1

Síndrome de Peter Pan

Nos anos 80 o psicólogo americano Dan Kiley lançou o livro “A Síndrome de Peter Pan” e foi aí que a essa expressão se popularizou. O termo é uma alusão clara ao Peter Pan da literatura inglesa, do século 19, um menino que não queria crescer e optava por morar para sempre na terra do nunca.

Atualmente, a síndrome de Peter Pan está assustando muitos pais e jovens, e um dos maiores motivos para que o jovem adulto não queira crescer e ter responsabilidades; é a insegurança.

Essa insegurança afeta a geração contemporânea, que é composta por jovens na faixa etária de 25 a 34 anos que, mesmo sendo independentes financeiramente, optam por continuar morando na casa dos pais, surgindo à geração “Canguru”. A palavra canguru é uma metáfora perfeita, já que faz alusão direta ao animal mamífero que guarda seus filhotes em uma bolsa localizada em seu ventre até ele poder ser independente. No caso da geração canguru, essa independência não acontece de forma natural, porque existem fatores tanto dos pais como dos filhos que mantem uma relação de dependência.

A mídia prega uma falsa promessa que ser jovem é ser feliz. Envelhecer no, mundo contemporâneo é algo assustador, ninguém quer envelhecer, ninguém quer sair do palco. Pais e filhos entram em um jogo de competição: quem tem mais sucesso com as mulheres, quem tem o bumbum mais arrebitado e, etc, o que dá vazão para uma relação confusa, onde: “quem é quem?”, aqui, os pais estão se pregando uma peça quando saem do seu papel com uma pretensão de serem coleguinhas dos filhos. Os jovens precisam de adultos fortes, capazes de atitudes que favoreçam a um enfrentamento. Do contrário, o que sobra para os adolescentes é um profundo sentimento de decepção, pois, passaram a vida toda esperando “crescer” e, quando crescem, se perguntam: “Esperei crescer, para isso”? Para ser igual a vocês? “É melhor continuar sendo criança e optar a morar para sempre na terra do nunca.”
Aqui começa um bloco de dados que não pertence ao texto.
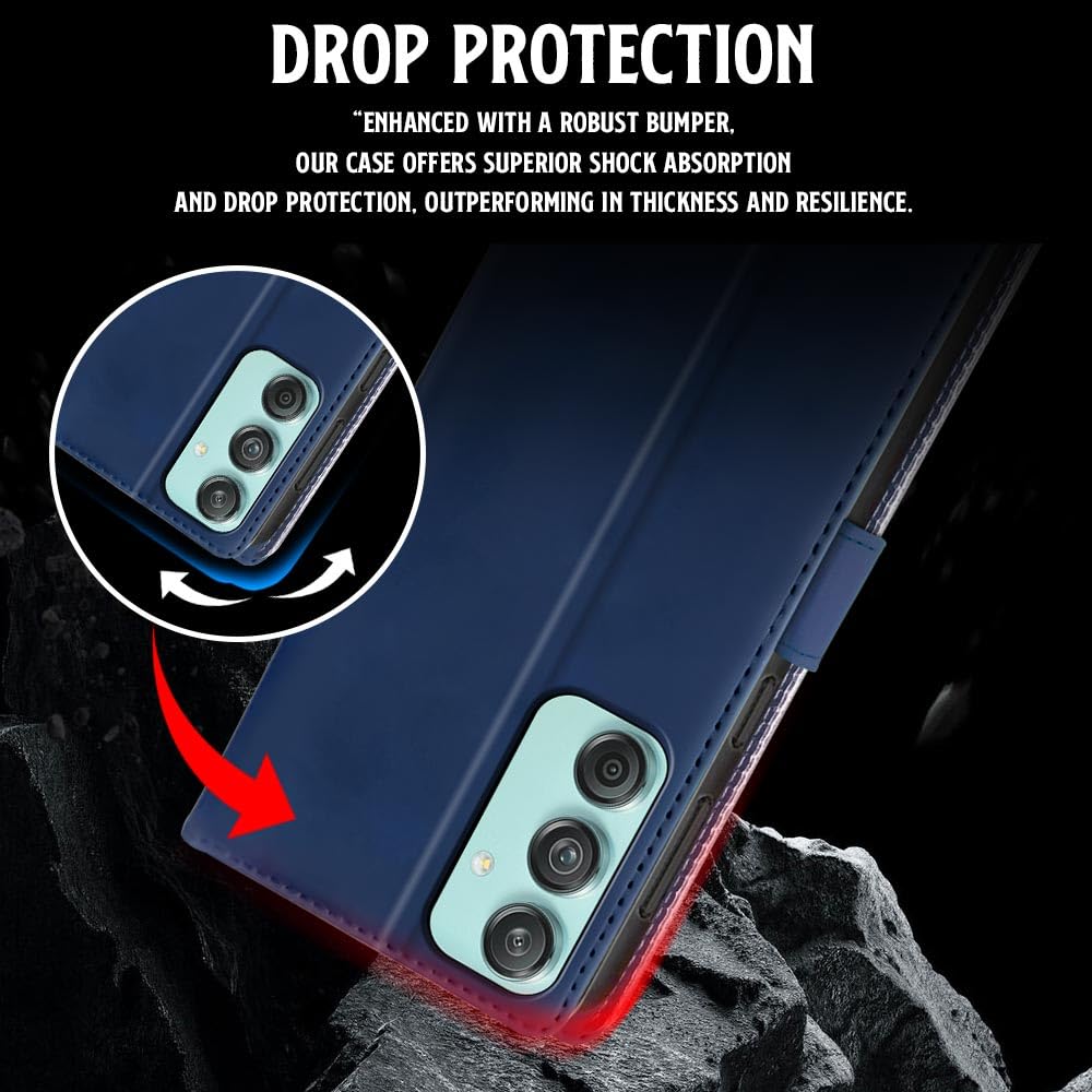 Shock Proof Flip Cover Back Case for Samsung Galaxy M55 5G | Magnetic Wallet Leather Case with Stand

Essa “terra do nunca”, nunca irá proporcionar ao jovem o enfrentamento de situações novas, a conquista por si só, a busca de realizações e evidência da afirmação das suas próprias potencialidades, a segurança de que se é capaz de conquistar a felicidade pelas suas próprias escolhas. Mas, para que viver tudo isso, se vivemos o fim das ideologias, não há conflito de gerações, não há contra o que se rebelar, pois, vivem na comodidade de um ambiente que proporciona tudo de forma mais fácil, mais prático, tudo é acessível de forma imediata, pede-se pizza por telefone, escolhe-se filme pela internet, navega-se pela internet e lá encontra-se tudo. Sair de Casa? Pra quê?

 

Esta aí, um dos problemas relacionados à adolescência tardia, e estender necessariamente a idade cronológica, não vai resolver a dificuldade de conquistar a independência com autonomia.

 

Nesse momento, os pais têm que auxiliar seus filhos, tendo uma conversa franca sobre o que está acontecendo, quais os motivos e fatores que favorecem o desejo de continuar na casa dos pais e até mesmo sob a dependência dos mesmos. Uma consequência importante é a insegurança que essas pessoas desenvolvem principalmente nas relações afetivas, pois, filhos inseguros são frutos de pais inseguros. Valorizo muito a questão que temos que criar os filhos para o mundo, lapidá-los como um navio, e como tal , chega o momento de lança-los ao mar para que possam seguir seu destino. O filho não pode ser propriedade dos pais, pois em alguma hora ele vai achar que não precisará mais crescer, e, aí é que vem “o problema”.